Mari belajar sebuah teologia Liturgi dari tata ibadah. Liturgi yang akan dipelajari adalah liturgi yang diambil dalam tata Ibadah GKPS model A (Catt. Dalam GKPS, tata ibadah ada lima model [model A, B, C, D, dan E], berbeda dengan HKBP, GKPI, HKI, yang sampai sekarang hanya ada satu).
- Votum/introitus.Dalam GKPS, begitu masuk ibadah langsung masuk ke dalam Votum-Introitus sedangkan dalam HKBP dimulai dengan nyanyian. Kedua cara ini memiliki pemahaman teologia masing-masing. Jika dalam HKBP atau GKPI, secara teologis maksud dari nyanyian pertama adalah ketika umat datang kepada Allah, maka mereka bersukacita melalui nyanyian yang disampaikan kepada Allah. Lalu Allah hadir dan kemudian bersabda melalui Votum. Dalam model GKPS ada pemahaman bahwa Allah langsung bersabda melalui votum kepada umat yang datang kepadaNya.
- Bernyanyi. Setelah Allah bersabda, muncullah respon dengan nyanyian menandakan sukacita umat. Jadi nyanyian di sini bukan dipilih atau dinyanyikan dengan sembarangan.
- Hukum Tuhan. Setelah nyanyian, maka muncullah Hukum Tuhan. Makna dari hal ini adalah bahwa sebelum masuk ke dalam pengakuan dosa, umat disadarkan akan dosanya melalui pembacaan Taurat.

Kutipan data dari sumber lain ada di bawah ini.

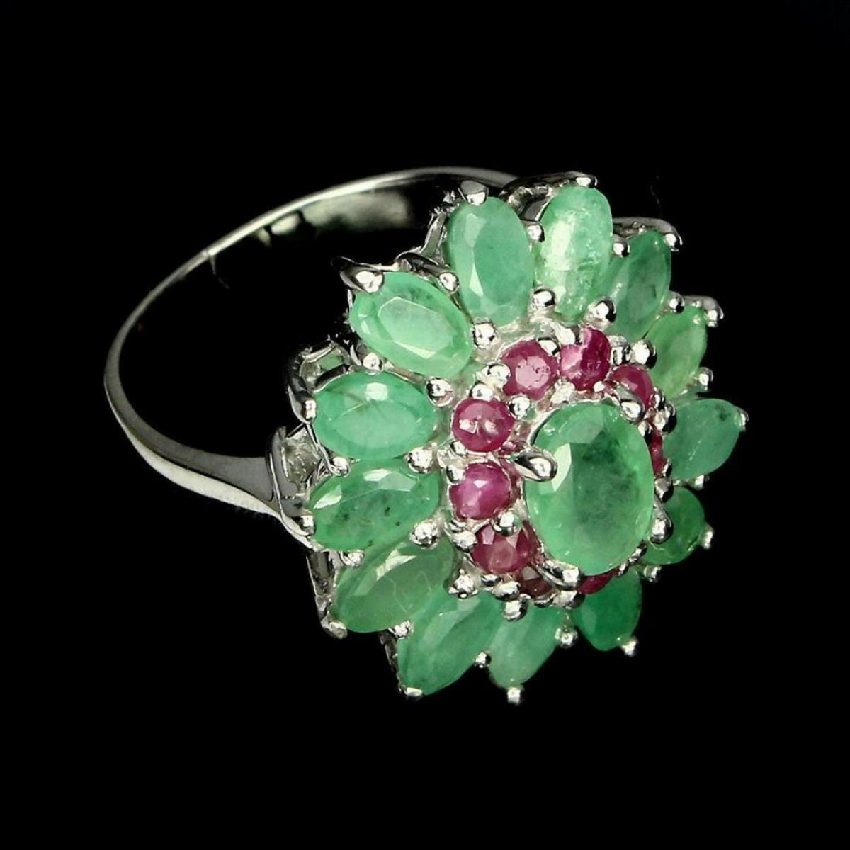 925 STERLING SILVER;PLATE14K WHITE GOLD;RING SIZE8.5(resizeable)MAIN STONEEMERALD;OTHER GEMSRUBY;TOTAL WEIGHT32.43 CT (TOTAL WEIGHT OF SILVER + STONE)DIMENSION* STONE 2.0 TO 7.0 X 5.0 MM. * FACE RING 21.0 X 19.0 MM.MAIN STONE SHAPEOVAL CUT;MAIN STONE COLOR -GREEN;TREATMENTUNHEATEDORIGIN-Columbia;HARDNESS7.5 - 9.0

- Bernyanyi. Setelah itu diresponi dengan nyanyian dan biasanya nyanyian pengakuan dosa atau pertobatan.
- Pengakuan dosa dan janji keampunan. Setelah bernyanyi pengakuan dosa, muncullah pengakuan dosa dan janji keampunan. Dan jemat diundang untuk berdiri. Alasan kita berdiri adalah kita sedang menghadap Allah karena Allah bersabda dan inilah tanda penghormatan kita.
- Bernyanyi. Setelah pengakuan dosa muncullah nyanyian dimana nyanyian disini adalah nyanyian sukacita karena Tuhan telah mengampuni dosa.
- Epistel (nats pengantar kotbah). Epistel adalah pengantar kotbah dan relefan dengan kotbah.
- Bernyanyi. Tanda sukacita akan Firman maka umat Tuhan benyanyi.
- Pengakuan Iman Rasuli.Setelah bernyanyi kita kemudian mengakui iman kita. Setelah kita ditegur akan dosa, bertobat, kita bernyanyi, dan telah diberikan Firman, maka kita muncullah pengakuan iman kepada Allah yang sudah bersabda. Inilah maksudnya Pengakuan Iman Rasuli.
- Bernyanyi. Nyanyian di sini adalah sukacita menyambut sabda Allah.
- Kotbah. Penyampaian Firman Tuhan sesuai dengan teks yang telah ada.
- Bernyanyi. Dalam GKPS, setelah kotbah langsung masuk kedalam pemberian persembahan. Dalam HKBP atau GKPI, setelah kotbah, bernyanyi dulu baru mengumpulkan persembahan.
- Persembahan. Dalam HKBP, kolekte I dan II dilakukan sebelum kotbah dan kolekte III setelah kotbah. Tetapi dalam GKPS kolekte I, II, dan III dilakukan setelah kotbah. Pemahaman teologia dalam GKPS mengatakan bahwa setelah orang diberkati melalui Firman, sudah, diteguhkan, ditegur, dan dikuatkan, maka dinyatakan dengan ucapan syukur. Jadi persembahan dilakukan sebagai respon sukacita kepada Allah yang telah bersabda memberkati umatNya. Dengan pemahaman inilah maka kita tidak boleh mempersembahkan yang bekas atau sisa-sisa tetapi persembahan yang terbaik. Oleh sebab itulah kita harus mempersiapkan persembahan yang terbaik dan dipersiapkan dari rumah.
- Doa persembahan dan berkat. Kemudian menyerahkan persembahan, kemudian dosa persembahan, dan kemudian berkat. Sebelum berkat diberikan, jemaat bersama-sama mengucapkan Doa Bapa Kami. Artinya, seluruh peribadahan dan doa disempurnakan melalui doa yang diajarkan oleh Tuhan Yesus. Itu sebabnya doa ini ditempatkan di akhir ibadah.
- Seruan umat – amin 3x. Menjelang akhir ibadah, mereka yang tadinya datang dengan pergumulan sekarang sudah dikuatkan, yang tadinya datang dengan stress sekarang mereka dihiburkan, yang tadinya mereka datang banyak persoalan, sekarang mereka diangkatkan, Tuhan memberkati mereka dengan berkata, “Pulanglah dalam damai. Arahkanlah hatimu kepada Allah dan terimalah berkat dari Tuhan.” Ingat, yang memberkati kita bukan pendeta/hamba Tuhan, tetapi Allah. Kuasa dari berkat adalah ungkapan Allah yang memberkati kita. Kemudian barulah muncul seruan jemaat, “Amin…Amin…Amin…!” Apa yang disabdakan Allah mulai dari votum dan Firman yang diterima, doa, pengampunan dosa diaminkan sudah selesai, berkat yang diberikan diaminkan sudah diterima.
Inilahlah liturgi dalam ibadah Gereja. Kita harus memahami hal ini agar kita tidak memandang tata acara diGereja sebagai sesuatu yang monoton dan tanpa arti. Memahami hal ini dengan benar membuat kita menikmati setiap ibadah dimana kita hadir berbakti bersama-sama dengan umat Allah. SoliDeo Gloria!